# [Extracted records]
──────────────────────────────
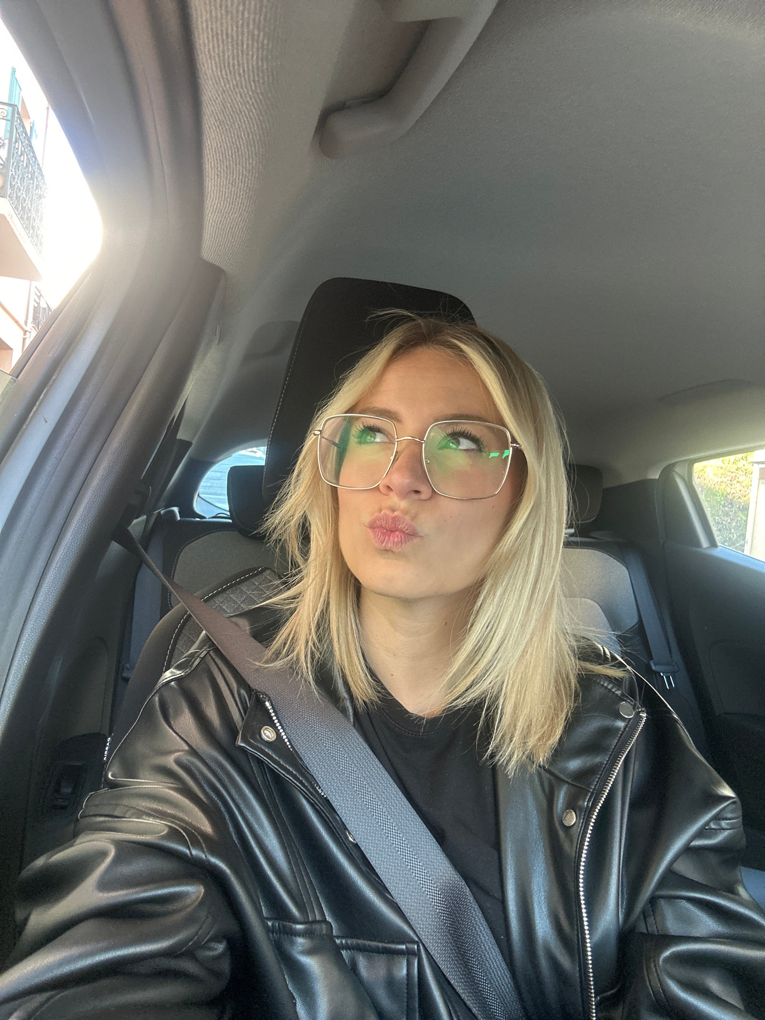 A woman with blonde hair and glasses is in the driver's seat of a car. She is wearing a black leather jacket and a seatbelt. The car is parked, based on the interior view and a glimpse of buildings th…read more
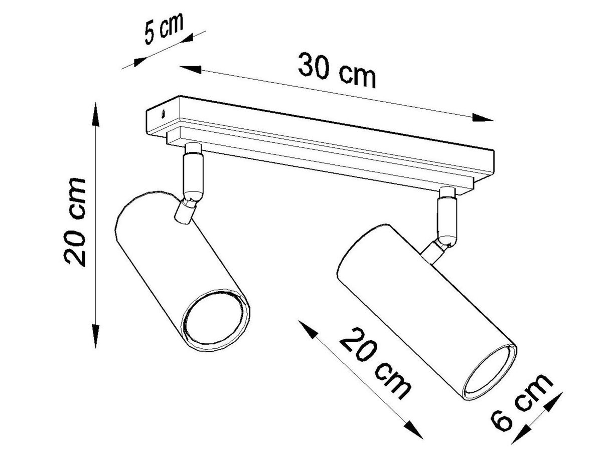 Plafon LUMIO 2 obsługuje dwie żarówki o gwincie GU10, z maksymalną mocą 40W dla tradycyjnych żarówek i 12W dla żarówek LED. Lampa wykonana jest ze stali o wymiarach 30/6/20 cm, a jej waga brutto wynosi 1,4 kg. Pamiętaj, że źródła światła nie są dołączone do zestawu.
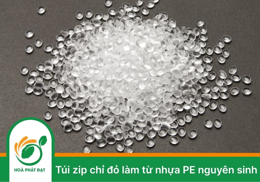 Túi zip chỉ đỏ được làm từ hạt nhựa Polyethylene (PE) nguyên sinh, không pha tạp chất. Vì chưa bị pha trộn tạp chất hay các loại nhựa khác, nên túi zip chỉ đỏ có màu trắng trong, không bị vẩn đục và không có mùi hôi như nhựa tái chế.
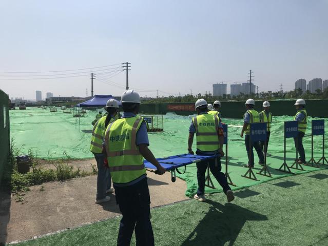 本次应急救援演练由必赢3003no1线路检测中心新城公司承办。模拟事故发生后,班组负责人向项目安全部汇报。项目经理立即联系附近双闸街道卫生院请求医护救援,组织应急救援工作,向监理及甲方主要领导报告事故发生情况。随后,有关人员及队伍按照现场救援指挥部的指示及《高温中暑应急救援预案》的要求开展救援及善后工作。
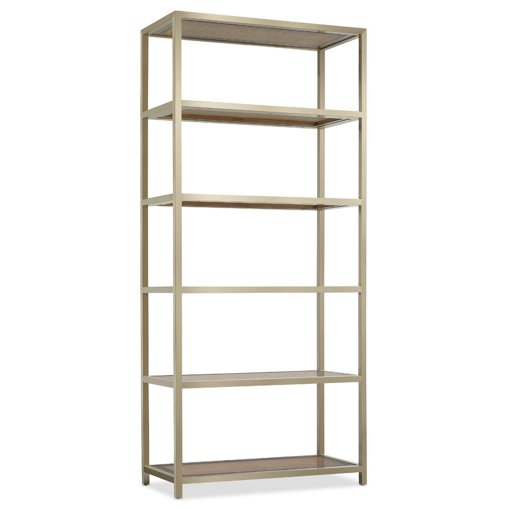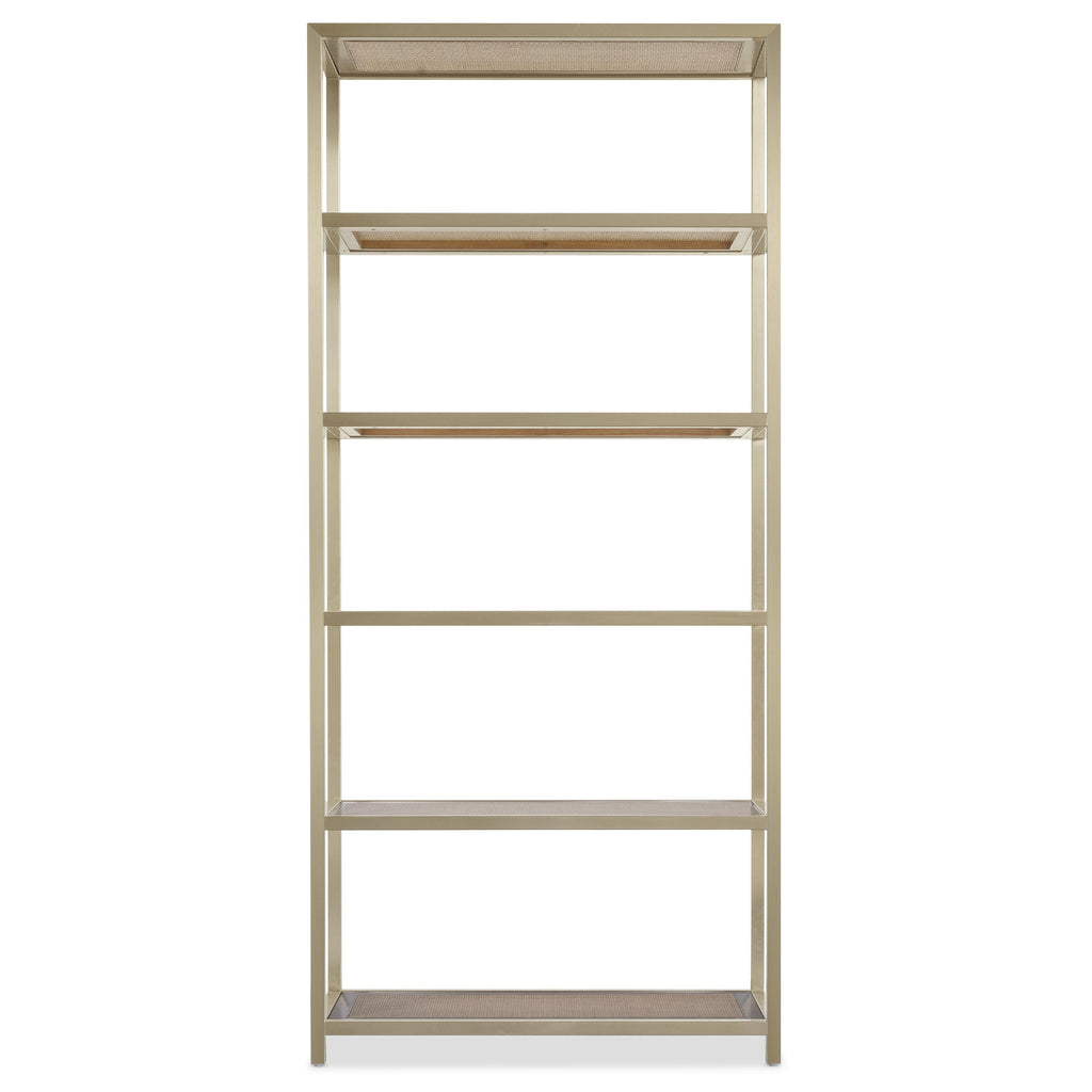 • Five fixed wood-framed cane shelves with glass inserts
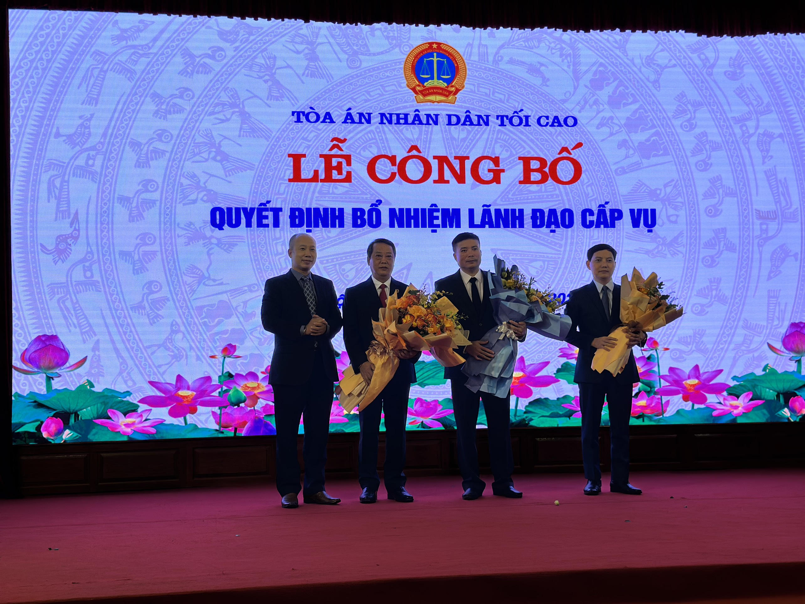 Tại buổi lễ, Chánh án TAND tối cao Nguyễn Hoà Bình đã trao quyết định bổ nhiệm cho ông Nguyễn Tường Linh; ông Nguyễn Xuân Kỳ và ông Trần Đức Vinh.
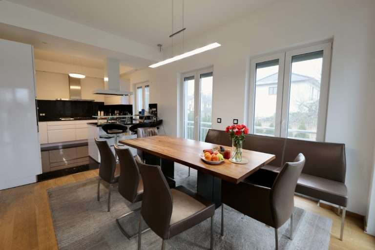 Mit 8 Zimmern wird viel Platz für die Familie, Home-Office oder repräsentatives Wohnen geboten. Herzstück der Wohnung ist der großzügige Wohn- und Essbereich.
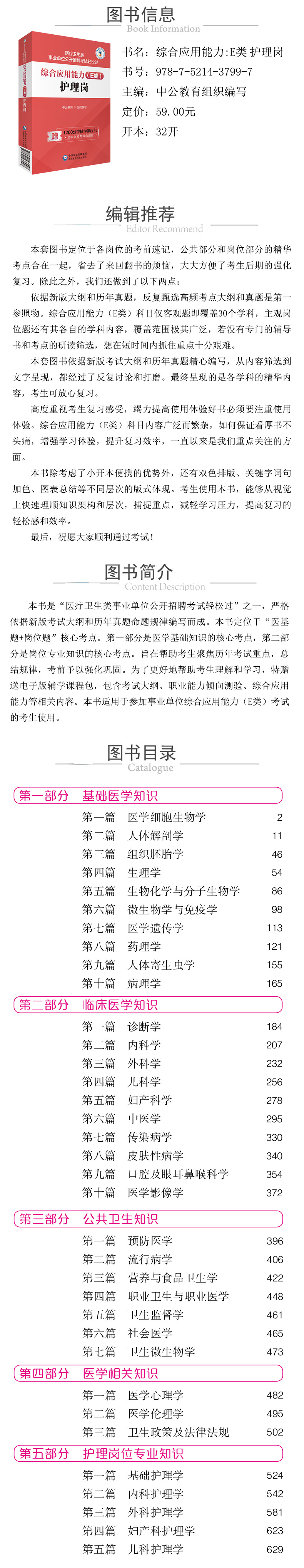 本书是"医疗卫生类事业单位公开招聘考试轻松过"之一,严格依据新版考试大纲和历年真题命题规律编写而成。本书定位于"医基题+岗位题"核心考点。第一部分是医学基础知识的核心考点,第二部分是岗位专业知识的核心考点。旨在帮助考生聚焦历年考试重点,总结规律,考前予以强化巩固。为了更好地帮助考生理解和学习,特赠送电子版辅学课程包,包含考试大纲、职业能力倾向测验、综合应用能力等相关内容。本书适用于参加事业单位综合应用能力(E类)考试的考生使用。
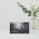 Halloween business card featuring a landscape scene with an owl and bats at full moon.
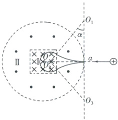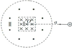 ④一带正电的粒子从II区外边界上a点沿正方形某一条边的中垂线方向进入磁场
──────────────────────────────
Retype the data above exactly, dropping every picture.

 A woman with blonde hair and glasses is in the driver's seat of a car. She is wearing a black leather jacket and a seatbelt. The car is parked, based on the interior view and a glimpse of buildings th…read more
 Plafon LUMIO 2 obsługuje dwie żarówki o gwincie GU10, z maksymalną mocą 40W dla tradycyjnych żarówek i 12W dla żarówek LED. Lampa wykonana jest ze stali o wymiarach 30/6/20 cm, a jej waga brutto wynosi 1,4 kg. Pamiętaj, że źródła światła nie są dołączone do zestawu.
 Túi zip chỉ đỏ được làm từ hạt nhựa Polyethylene (PE) nguyên sinh, không pha tạp chất. Vì chưa bị pha trộn tạp chất hay các loại nhựa khác, nên túi zip chỉ đỏ có màu trắng trong, không bị vẩn đục và không có mùi hôi như nhựa tái chế.
 本次应急救援演练由必赢3003no1线路检测中心新城公司承办。模拟事故发生后,班组负责人向项目安全部汇报。项目经理立即联系附近双闸街道卫生院请求医护救援,组织应急救援工作,向监理及甲方主要领导报告事故发生情况。随后,有关人员及队伍按照现场救援指挥部的指示及《高温中暑应急救援预案》的要求开展救援及善后工作。
 • Five fixed wood-framed cane shelves with glass inserts
 Tại buổi lễ, Chánh án TAND tối cao Nguyễn Hoà Bình đã trao quyết định bổ nhiệm cho ông Nguyễn Tường Linh; ông Nguyễn Xuân Kỳ và ông Trần Đức Vinh.
 Mit 8 Zimmern wird viel Platz für die Familie, Home-Office oder repräsentatives Wohnen geboten. Herzstück der Wohnung ist der großzügige Wohn- und Essbereich.
 本书是"医疗卫生类事业单位公开招聘考试轻松过"之一,严格依据新版考试大纲和历年真题命题规律编写而成。本书定位于"医基题+岗位题"核心考点。第一部分是医学基础知识的核心考点,第二部分是岗位专业知识的核心考点。旨在帮助考生聚焦历年考试重点,总结规律,考前予以强化巩固。为了更好地帮助考生理解和学习,特赠送电子版辅学课程包,包含考试大纲、职业能力倾向测验、综合应用能力等相关内容。本书适用于参加事业单位综合应用能力(E类)考试的考生使用。
 Halloween business card featuring a landscape scene with an owl and bats at full moon.
 ④一带正电的粒子从II区外边界上a点沿正方形某一条边的中垂线方向进入磁场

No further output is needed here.